Эта сцена, освещенная блеклым светом мерцающих плошек, навсегда запечатлелась в памяти Асандра. Его собственное положение было таково, что он с повышенной остротой воспринимал виденное здесь, ибо чувствовал, что после Луция в центре высочайшего внимания окажется он и это внимание будет далеко не милостивым. Он пытался угадать, в чем его могут обвинить, но мысли путались, сердце стучало, обычная выдержка и самоуверенность изменили ему.

И все же он замер в пытливом ожидании, когда услышал слова Митридата, обращенные к Луцию:

– Итак, Луций Магий, если ты не изменял мне, тебе нечего бояться, боги помогут тебе и ты возьмешь чашу без яда! Тогда мне достанется чаша с ядом, и все, кто присутствуют, окажутся свидетелями смерти Митридата, после чего царем станет мой сын!.. Который – узнаете позже, ибо моя воля на сей счет записана на пергаменте. Если же ты виновен, умрешь ты!
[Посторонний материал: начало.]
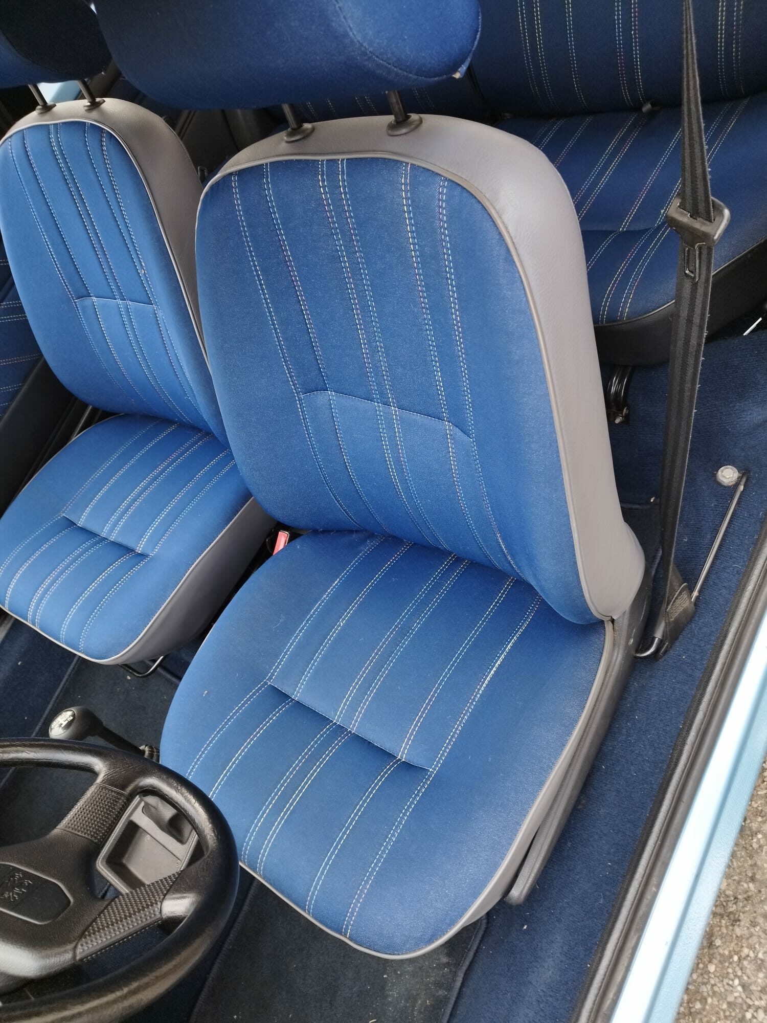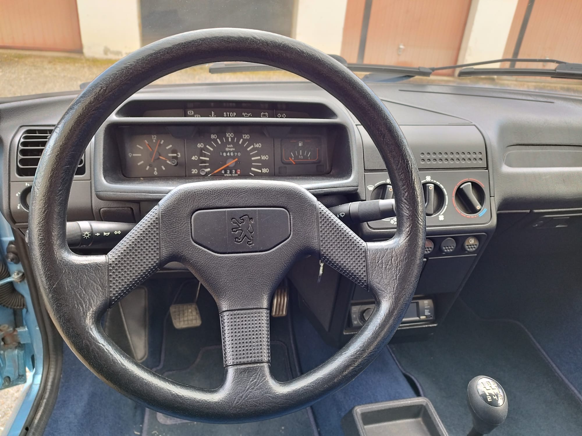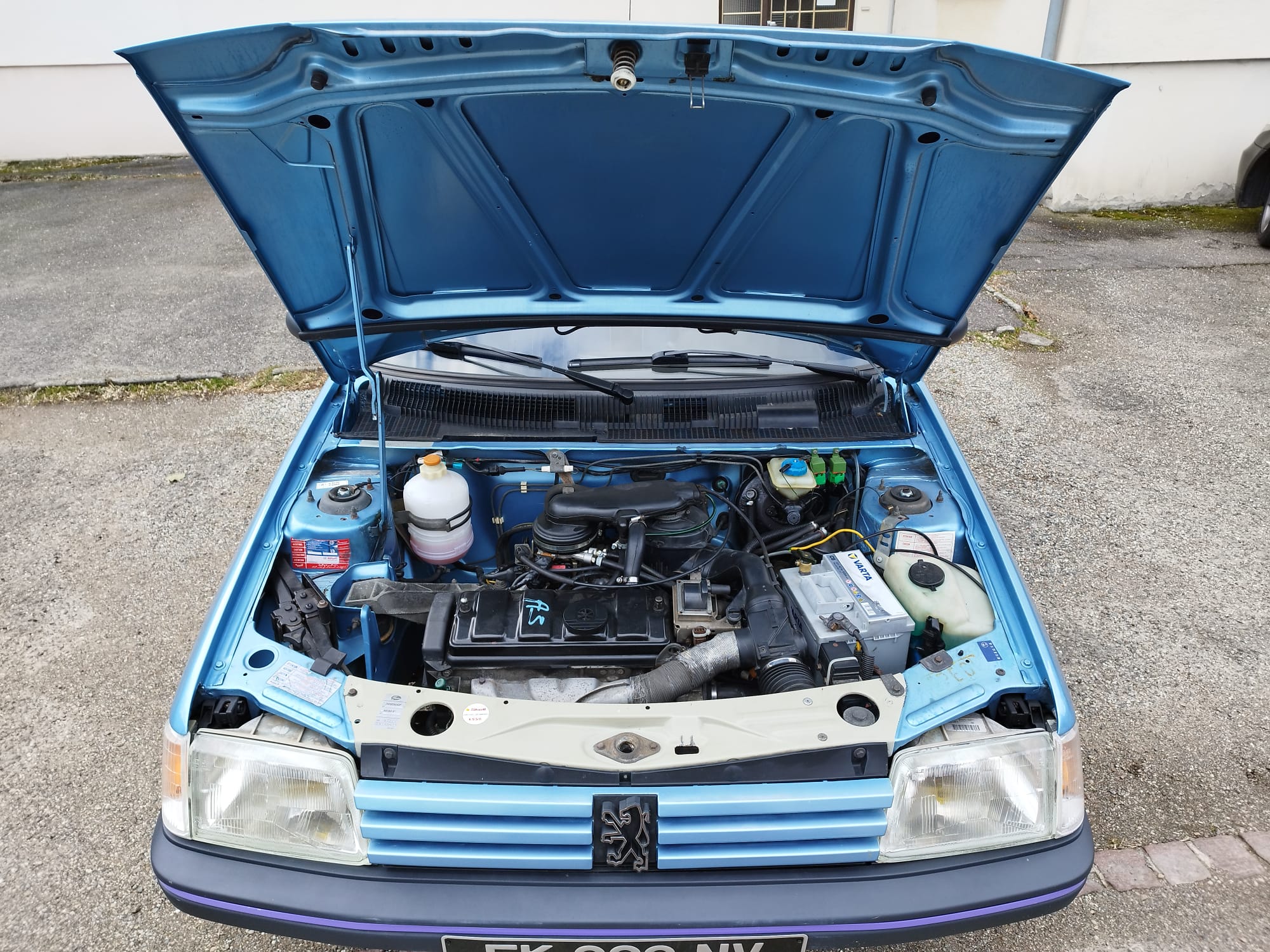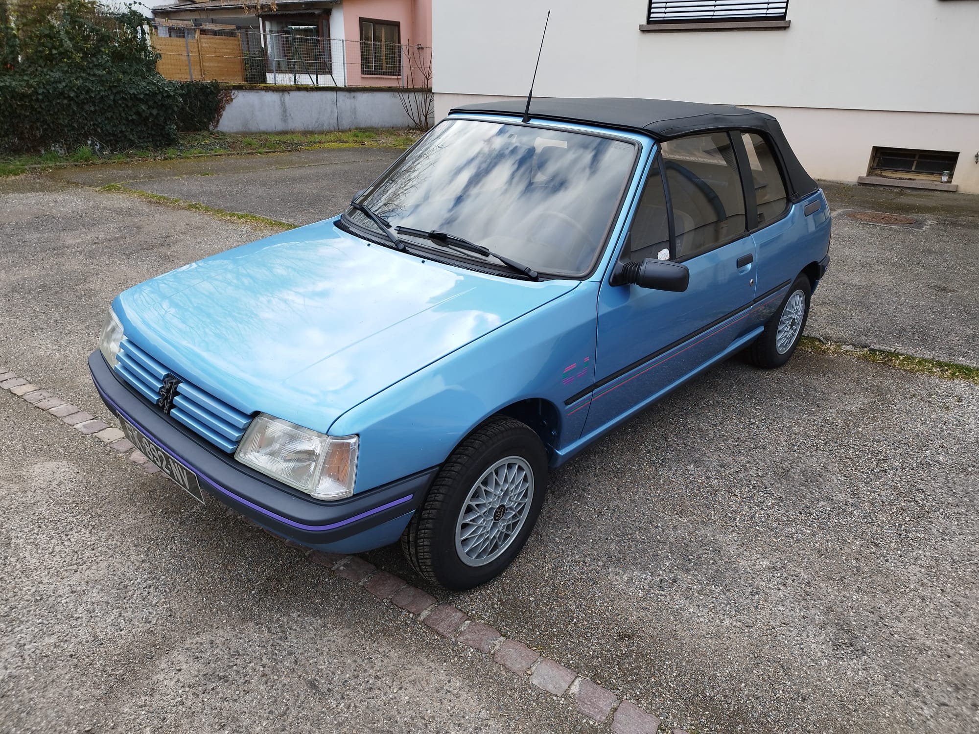 Peugeot 205 CJ, couleur bleu azzuro. L’état est impressionnant pour les 31 ans de la voiture.

«Вот оно что!» – подумал Асандр в изумлении.

После мучительной внутренней борьбы Луций поднял на Митридата глаза и заявил с достоинством:

– Я не изменял тебе, Митридат Евпатор, невинен я! А посему прошу тебя – прикажи подать третью чашу, вдвое большую!

– Зачем?

– Я солью в нее вино из обеих судных чаш и выпью до дна… Ибо не хочу твоей преждевременной смерти, а она неминуема по условию! Я сказал!

Заявление было столь неожиданным, что поразило самого царя. Решение Луция свидетельствовало о его уме и мужестве, а также о том такте, который высоко ценился в придворных кругах. И хотя присутствующие были убеждены, что он предатель и заслуживает смерти, все оценили его самообладание и находчивость.

Даже Марий Одноглазый изменил своей бесстрастной манере, и на его лице появилось что-то, напоминающее одобрение.

«Ого, этот римлянин ведет себя как подобает гордому мужу!.. Ай да Луций! – воскликнул мысленно Асандр, устыдившись собственного малодушия. – Я, кажется, испугался, а вот Луций умеет смотреть в глаза смерти!»